Today I'm following January's lead. I've hit some rough patches. If you've read here earlier, you know the Liar book controversy was intense, and I confess I bit into the issue like a pit bull. I would not let go. I got so wound up, it took a friend to help me back away from the issue. I'm grateful I didn't go sistergirl. And trust me, I came close.

I need a car. I cannot afford a car, but reality is despite my finances, I have to make it work and I'm really, really tired of making it work. Can anyone relate?

I have two daughters. I love them both, but they are girls. They are siblings with a significant age gap. One is a teenager. Can you tell where there is going? Of course, each expects me to take the side of the other and no matter how diplomatic and unbiased I try to be, both feel betrayed. Yes, nothing less than betrayed. Their mother has failed them again. I have failed to understand where she is coming from. ((sigh))

The upside: I'm mentoring two fantastic young women. Please check out Ari at Reading In Color and Tashi at Taste Life Twice. And if by off chance you know my daughters, please don't mention the mentees. It would not be good. Fortunately, while my daughters are proud of what I do, they pay more attention to their lives so I don't expect them to see this. Maude knows the guilt-trippping I'd get behind bragging about somebody else.

8 comments:

Anonymous said...

I wish I had something constructive to say, besides that I am rooting for you! I get that tired feeling too. And I know it doesn't do much to have other people say, hang in there, or I sympathize/empathize or whatever, so I feel pretty helpless in that regard. But I at least wanted to send some love your way, just in case it makes a little difference!

Anonymous said...

I know exactly how your daughters feel. Just think, I was 5 when my sister was 13 and 8 when my sister was 16. All we did was argue! And you're right, each of us felt nothing less than betrayed. Don't worry too much, though. Once they get older, they'll look back and laugh about it. My sister and I get along just fine now that we're older.

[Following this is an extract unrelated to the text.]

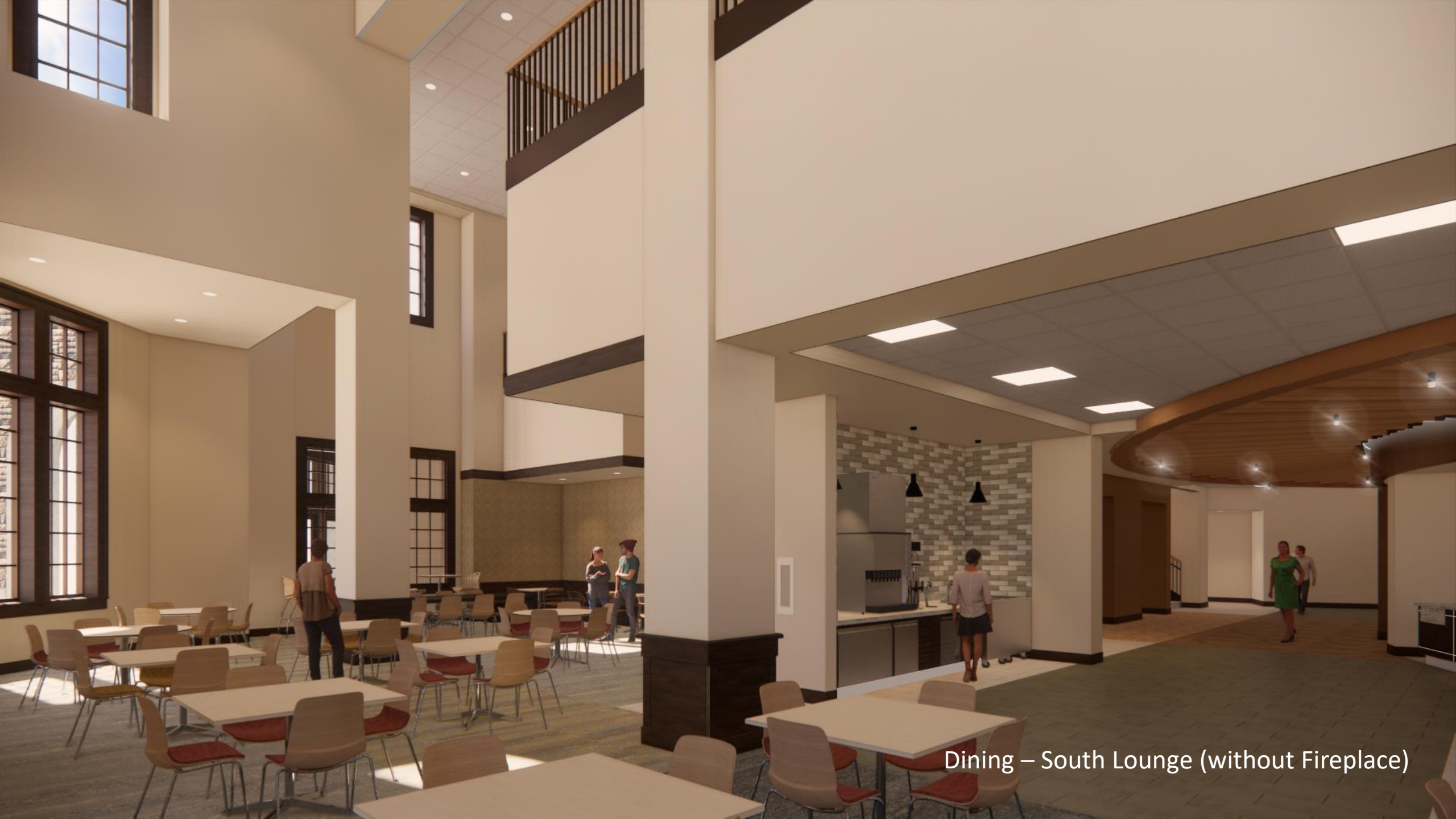
Dining – South Lounge (without Fireplace)

It's nice to be the upside, but yeah I know how your daughters would feel. I think I'd be the same way if my mom had mentees.

~Tashi

susan said...

Thanks Tashi,
At least I know I'm not completely off-base.

Rhapsody, there's no magic words but being heard helps. Thank you.

Zetta said...

Can't help with the parenting thing 'cause I'm not a mom and still have serious mother issues myself...but I think you should remarkable restraint with the LIAR uproar and you turned a moment of disgust into a REAL "teachable moment!" more than one blogger I've talked to plans to review more POC b/c of YOUR list & challenge/invitation...so give yourself some credit for that!

Marjolein Reads said...

Thank you for your comment on my review blog Susan! Your blog is great! love that you are reviewing books between cultures too, I will start following your blog from now on!

Doret said...

I am with Zetta, Susan, you did great, I enjoyed reading your comments everywhere I went, especially @ the authors blog.

pia said...

My sister and I still argue and argue and...so I'm the worst person to give advice on this

I can relate to trying to make it work more than you can imagine

Thanks for the wonderful comment :) Though a doctor called me a Legal addict when I tried getting him to sign off on rehab he laughed

Anonymous said...

life sucks sometimes for some, not at all for many, and most of the time for others. i can relate to "I have to make it work and I'm really, really tired of making it work." sometimes, it feels it's all i do, hermana. un abrazo!

your pit bull efforts are admirable. what concerned me was that you were giving the book far too much attention/buzz. i admire your courage and hope to keep hearing your voice ringing loud! don't shush up! we need brave women like you.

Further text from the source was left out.